* [TASK] With pictures removed, print the listing exactly.

AVAILABLE DATA Start Marker

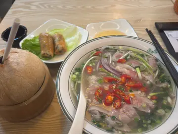 喺旺角睇OpenRice搵到女人街有生牛肉河粉,見唔少好評,當然即刻去試吓啦!-環境當日我去食嘅時候係下午茶時間,客人人丁單薄,只有我一台同另外一台,下午茶時間冇乜人,坐嘅位置冇乜特別。-服務侍應下單服務態度很好,餐廳沒有主動提供紙巾,需要向餐廳問!-食物下午茶嗌咗個生牛肉河粉+春卷2條+米紙卷先講講個春卷係幾好食,米紙卷就一般!生牛肉河粉不過不失,可惜餐廳提供既辣椒唔夠辣!不過椰青(好貴),但係睇落其實似椰皇,好飲甜爽!整體不過不失,不要太大期望!如果下午茶時間嚟講算貴,2人共消費$220:(…查看更多
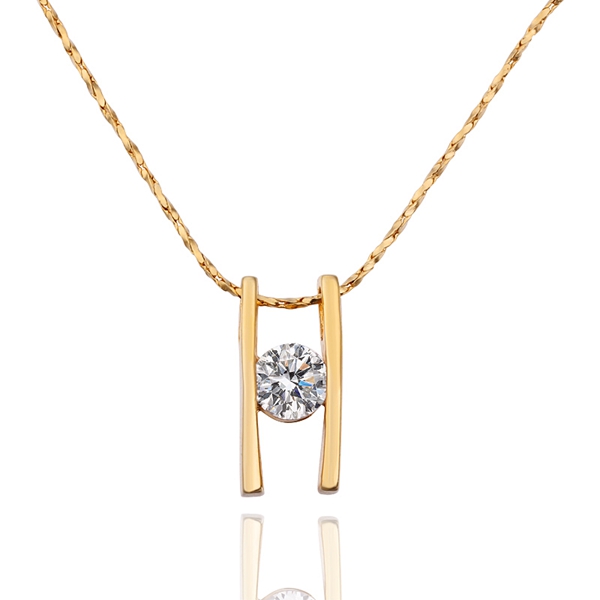 Elegante Dije en baño de oro amarillo de 18 quilates, con elegante diseño e incrustación de cristal en color blanco. Cuenta con una cadena de 40 cm, con extención de 5 cm. Fabricado en una estructura de aleación de platino con rodio sin níquel 1. joyería Hipoalergénica. 2. Incluye cajita de joyería. 3. Garantía de 30 días por defectos de fabrica.
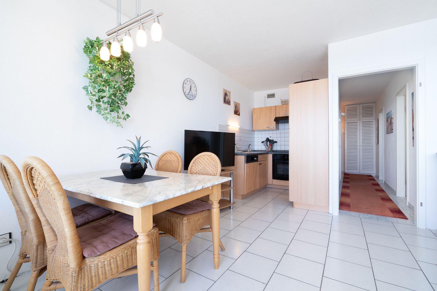 Die Ferienwohnung Nr. 406 ist eine 3-Raum-Nichtraucherwohnung in der 4. Etage mit Balkon und Ostseeblick. Die Wohnung ist für bis zu fünf Personen geeignet. im ersten Schlafraum steht ein Doppelbett, im zweiten ein Etagenbett. Das Sofa im Wohnzimmer bietet einen weiteren Schlafplatz. Die Küchenzeile ist zum Wohn- und Essbereich offen und mit Spülmaschine, Backofen und Herd ausgestattet. Das Wannenbad ist innenliegend. Zum Strand sind es nur wenige Fußschritte.
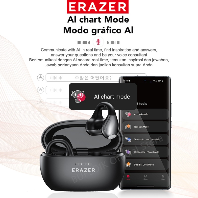 [Mall] LENOVO ERAZER XF39 TRANSLATION EARBUDS OWS WIRELESS BLUETOOTH 6.0 EAR CLIPS TERJEMAHAN AI 134 BAHASA TWS GAMING SPORTS HEADSET

AVAILABLE DATA End Marker

* [EXERCISE ANSWER]
 喺旺角睇OpenRice搵到女人街有生牛肉河粉,見唔少好評,當然即刻去試吓啦!-環境當日我去食嘅時候係下午茶時間,客人人丁單薄,只有我一台同另外一台,下午茶時間冇乜人,坐嘅位置冇乜特別。-服務侍應下單服務態度很好,餐廳沒有主動提供紙巾,需要向餐廳問!-食物下午茶嗌咗個生牛肉河粉+春卷2條+米紙卷先講講個春卷係幾好食,米紙卷就一般!生牛肉河粉不過不失,可惜餐廳提供既辣椒唔夠辣!不過椰青(好貴),但係睇落其實似椰皇,好飲甜爽!整體不過不失,不要太大期望!如果下午茶時間嚟講算貴,2人共消費$220:(…查看更多
 Elegante Dije en baño de oro amarillo de 18 quilates, con elegante diseño e incrustación de cristal en color blanco. Cuenta con una cadena de 40 cm, con extención de 5 cm. Fabricado en una estructura de aleación de platino con rodio sin níquel 1. joyería Hipoalergénica. 2. Incluye cajita de joyería. 3. Garantía de 30 días por defectos de fabrica.
 Die Ferienwohnung Nr. 406 ist eine 3-Raum-Nichtraucherwohnung in der 4. Etage mit Balkon und Ostseeblick. Die Wohnung ist für bis zu fünf Personen geeignet. im ersten Schlafraum steht ein Doppelbett, im zweiten ein Etagenbett. Das Sofa im Wohnzimmer bietet einen weiteren Schlafplatz. Die Küchenzeile ist zum Wohn- und Essbereich offen und mit Spülmaschine, Backofen und Herd ausgestattet. Das Wannenbad ist innenliegend. Zum Strand sind es nur wenige Fußschritte.
 [Mall] LENOVO ERAZER XF39 TRANSLATION EARBUDS OWS WIRELESS BLUETOOTH 6.0 EAR CLIPS TERJEMAHAN AI 134 BAHASA TWS GAMING SPORTS HEADSET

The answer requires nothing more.